Это верно, что за двадцать лет существования Рейха было совершено много
зла, размышлял Вернер. Однако же верно и то, что тогда личная
ответственность дорогого стоила. Пытаясь очиститься от прошлых грехов, люди
заодно теряют такие понятия, как дисциплина, рабочая совесть, и слишком
много иных добродетелей.
Сегодня далеко не каждый охранник желает рисковать своей жизнью за
почасовую оплату. И если на съемочной площадке, фабрике или в универмаге его
присутствие само по себе не становилось хотя бы сдерживающим фактором, что
ж, тем хуже было для нанимателя. То, что люди соглашались на эту работу, для
большинства из них еще не значило, что они будут ее выполнять.
Однако для Вернера Даговера из фирмы "Зихерн" сам факт, что он взялся за
какое-то дело, означало его выполнение. Название этой гамбургской охранной
компании означало по-немецки "безопасность". И будь то одинокая женщина,
случайно помешавшая съемкам, или банда головорезов, отмечающих день рождения
Гитлера в рамках предстоящих на этой неделе "дней хаоса", уж он-то
проследит, чтобы на охраняемом им участке соблюдался полный порядок.
Предупредив диспетчера о том, что в лесу находится женщина, по-видимому
одинокая, Вернер отключил свой радиотелефон. Развернув плечи пошире и
убедившись, что бляха на груди не перекосилась, он поправил выбившуюся
из-под кепи непослушную прядь. За тридцать лет пребывания в должности
офицера полиции Гамбурга он убедился, что, не обладая солидной наружностью,
внушить авторитет бывает достаточно сложно.
В фирме Вернера назначили старшим по охране съемочной группы, и обычно он
сидел в командном трейлере, который ставился на шоссе, ведущем из небольшого
городка Гарбсен. После звонка Бернарда Бубы Даговер проехал с четверть мили
до съемочной площадки на мотоцикле и оставил его возле вспомогательного
фургона. Затем, не привлекая внимания киношников, он обогнул площадку и
направился мимо холма к занимавшему акров двадцать небольшому лесу. За
деревьями проходила еще одна дорога, вдоль которой охранники из "Зихерн"
должны были приглядывать за любителями пикников, орнитологами или кем там
еще, кем могла быть эта женщина.
Когда Вернер, держась спиной к солнцу, приблизился к дереву, под ногой
его хрустнула шишка. Стройная молодая женщина резко вскочила на ноги и
повернулась в его сторону. Она была высокого роста, с правильными,
прямо-таки аристократическими чертами лица, а в свете прямых солнечных лучей
ее глаза походили на расплавленное золото. На ней была белая просторная
блузка, джинсы и черные сапоги.
- Привет! - поздоровалась она несколько напряженно.

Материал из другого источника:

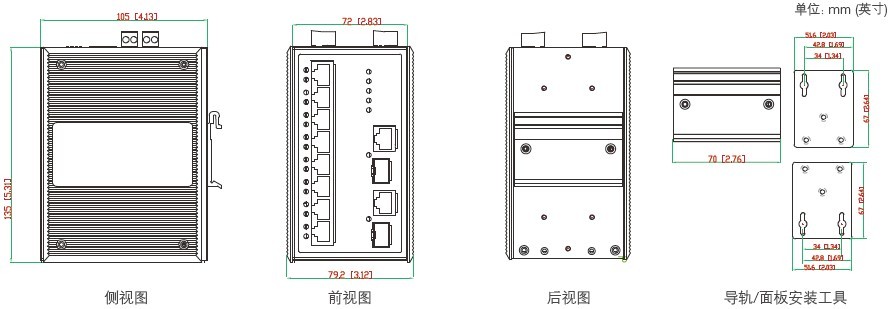 RJ45端口:10/100BaseT(X)或10/100/1000BaseT(X) 自侦测

- Доброе утро, - ответил Вернер. Охранник остановился в двух шагах от
женщины и поднес руку к кепи.
- Фройлен, - обратился Даговер, - прямо за этим холмом снимается фильм, и
здесь не должно быть посторонних. - Он указал назад. - Пройдемте со мной, я
провожу вас до шоссе.
- Ну конечно, - согласилась женщина. - Простите, но мне стало интересно,
чем заняты эти люди на дороге. Я подумала, может, несчастный случай.
- Вы, вероятно, услышали бы тогда сирену "скорой", - заметил Вернер.
- Ах, ну да, я как-то не сообразила. - Она сунула руку за ствол дерева. -
Сейчас, дайте только возьму свою сумку.
Даговер связался с диспетчером и сообщил, что проводит женщину обратно к
шоссе.
- Значит, кино, - произнесла она, забрасывая сумку за левое плечо. - А
кто-нибудь из "звезд" снимается?
Вернер уже хотел было сказать ей, что не очень-то разбирается в актерах,
но тут услышал шорох листвы прямо над собой. Не успел он поднять голову, как
с нижних ветвей дерева спрыгнули двое мужчин. Они были в зеленом камуфляже и
вязаных шлемах-масках с прорезями для глаз. Тот, что был меньше ростом,
приземлился прямо перед охранником, сжимая в руке "вальтер" П38. Второго,
более рослого, Вернер видеть не мог, так как тот спрыгнул у него за спиной.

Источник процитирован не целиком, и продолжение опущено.